The onset of extreme highs and lows begins with insomnia. Last night I went to bed at around 11:45. I laid there for about an hour. Then I started crying. It's almost always in the dark at night that unbearable loneliness attacks. I laid there for 4 hours crying and talking to myself. I don't even remember what I said to myself but eventually I drifted off.
I've been talking to myself a lot lately. I think I'm turning into my mother. I also think I've been talking in my sleep. I woke up the other night saying THIRD FINGER ON A. Those young violinists will get to you.
I woke up feeling very happy and refreshed.

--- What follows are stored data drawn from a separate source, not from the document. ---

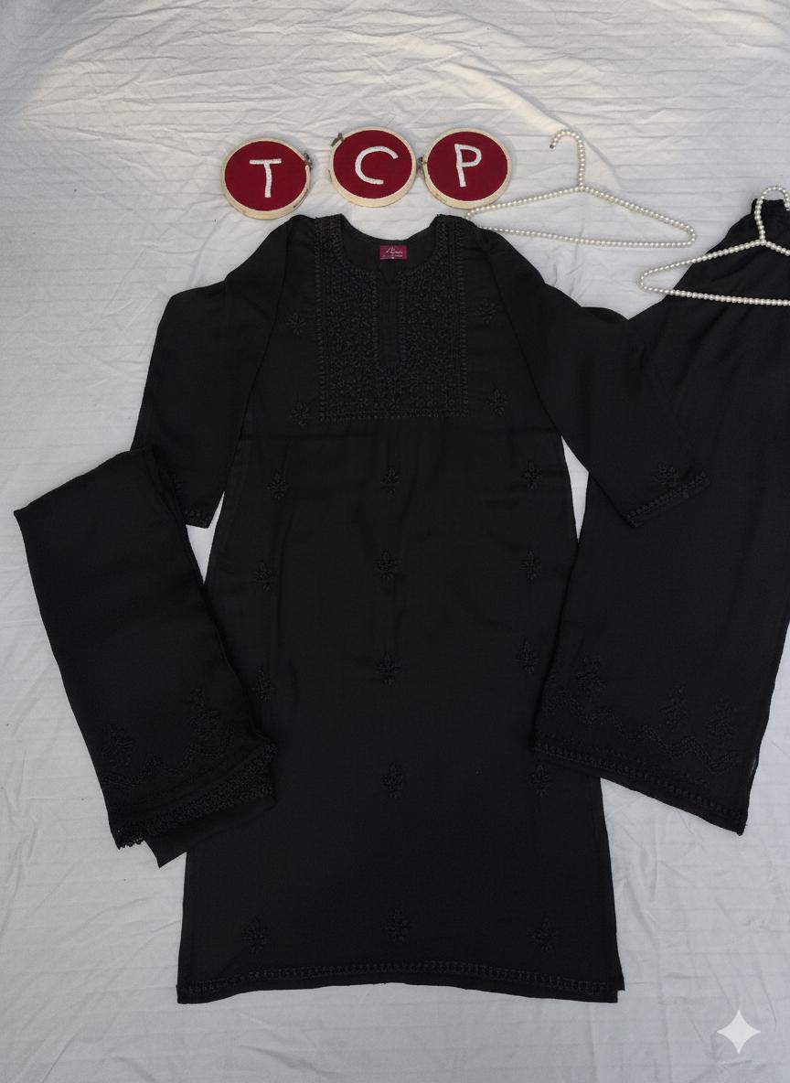 Lucknowi Hand Embroidered chikankari 3 piece set for complete your look.
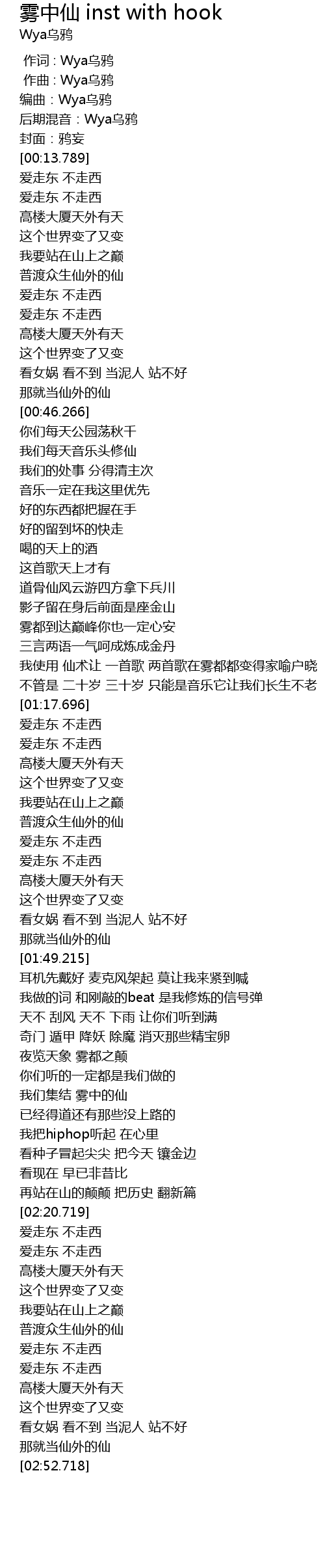 | [00:03.548] | 编曲:Wya乌鸦 |
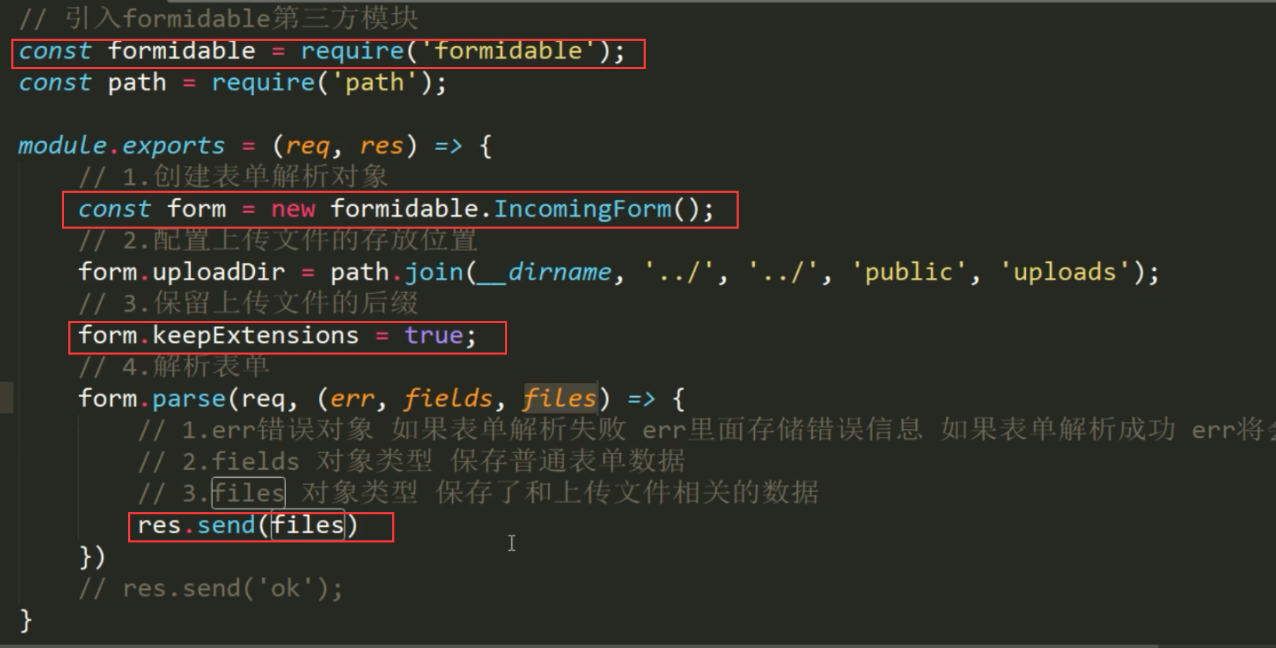 `npm install formidable`作用:解析表单,支持get请求参数,post请求参数、文件上传。

It remained this way until noon when happy became manic. I laid down to take a nap and sat there for about an hour thinking of things and laughing to myself. A lot. Creepily. Most of the things involving Funyuns. Than Pearl came in and started watching synchronized swimming videos, and mesmerized and mollified I fell into a stupor that resulted in dreamless sleep.
And an hour ago I was crying hysterically. Sitting there just out of the shower wrapped in my towel and crying and feeling the hopeless weight of the world on my shoulders.
I don't know. This does not bode well.
My mom thinks I'm going to move to Richmond and instantly be cured, that my manic depression will disappear like magic. I'm not so sure. And I'm scared.

You'd better hope so.

7.27.2009


"You're so sensitive! I mean, it's not a bad thing, it's endearing, but that must suck for you."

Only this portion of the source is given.